_The task_.
When copying the listing below, skip every picture and keep each word as it stands.

_Recorded information_.
━━━
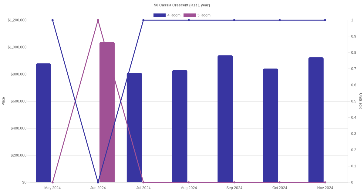 Below is a quick summary of the resale transactions volume and average price trends for the 4 room and 5 room units at 56 Cassia Crescent.
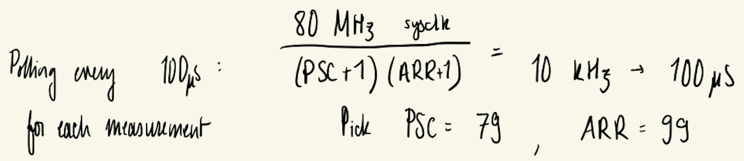 For each sensor, we will follow the recommended 33 ms of reading time + 2 ms for extra buffer. The host will poll at 10 kHz for measurement status. With Sysclk = 80Mhz: PSC=79, ARR=99.
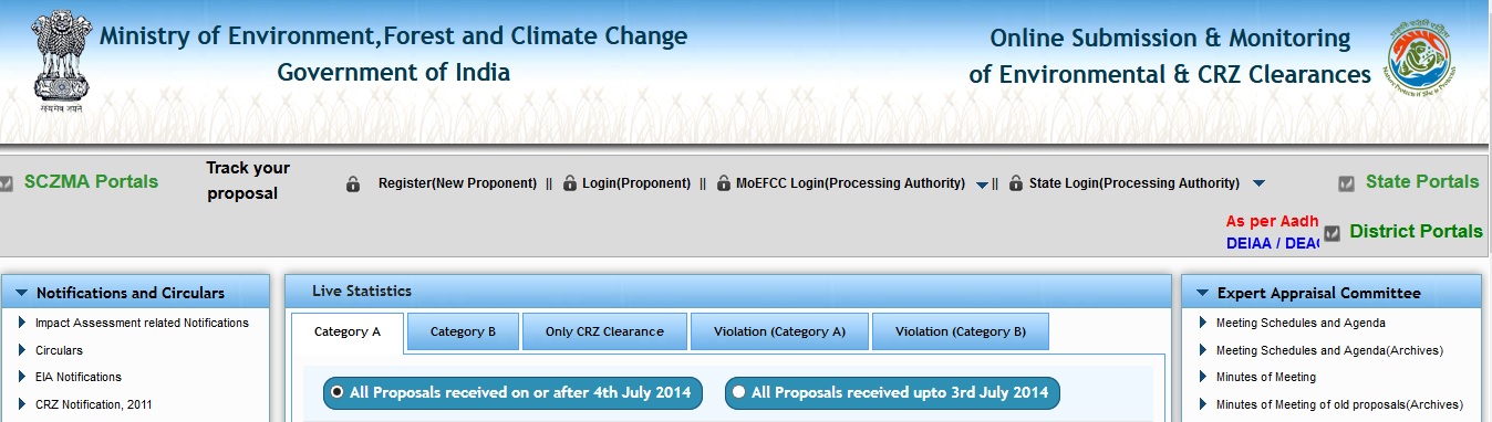 environmentclearance.nic.in Online Environment Clearance System : Ministry of Environment,Forests & Climate Change
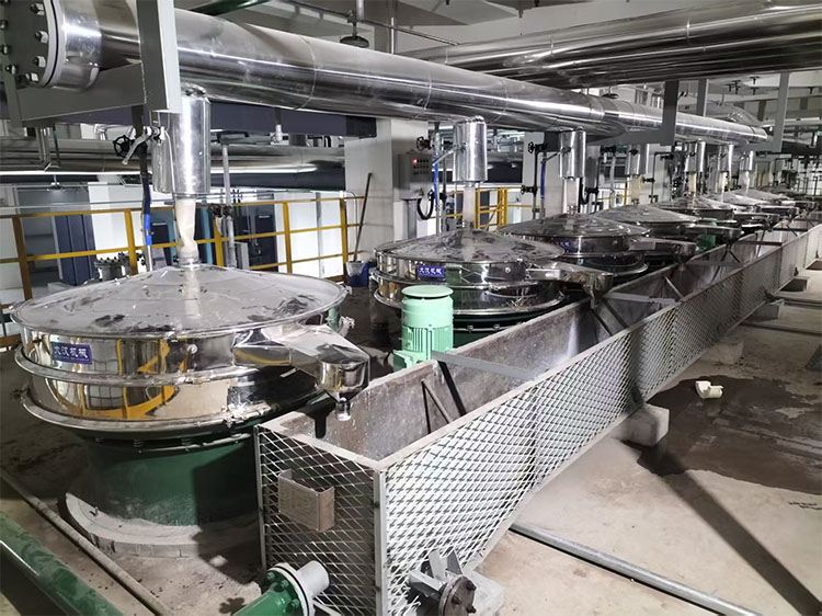 去除杂质和大颗粒:碳酸钙浆液在研磨、制浆过程中,容易混入砂石、金属碎屑、未研磨透的粗颗粒碳酸钙等杂质,这些杂质会影响下游产品质量,这时需要用振动筛将碳酸钙浆液中的大颗粒或杂质异物过滤掉,提高浆液纯度。
━━━
_Finished exercise_.
 Below is a quick summary of the resale transactions volume and average price trends for the 4 room and 5 room units at 56 Cassia Crescent.
 For each sensor, we will follow the recommended 33 ms of reading time + 2 ms for extra buffer. The host will poll at 10 kHz for measurement status. With Sysclk = 80Mhz: PSC=79, ARR=99.
 environmentclearance.nic.in Online Environment Clearance System : Ministry of Environment,Forests & Climate Change
 去除杂质和大颗粒:碳酸钙浆液在研磨、制浆过程中,容易混入砂石、金属碎屑、未研磨透的粗颗粒碳酸钙等杂质,这些杂质会影响下游产品质量,这时需要用振动筛将碳酸钙浆液中的大颗粒或杂质异物过滤掉,提高浆液纯度。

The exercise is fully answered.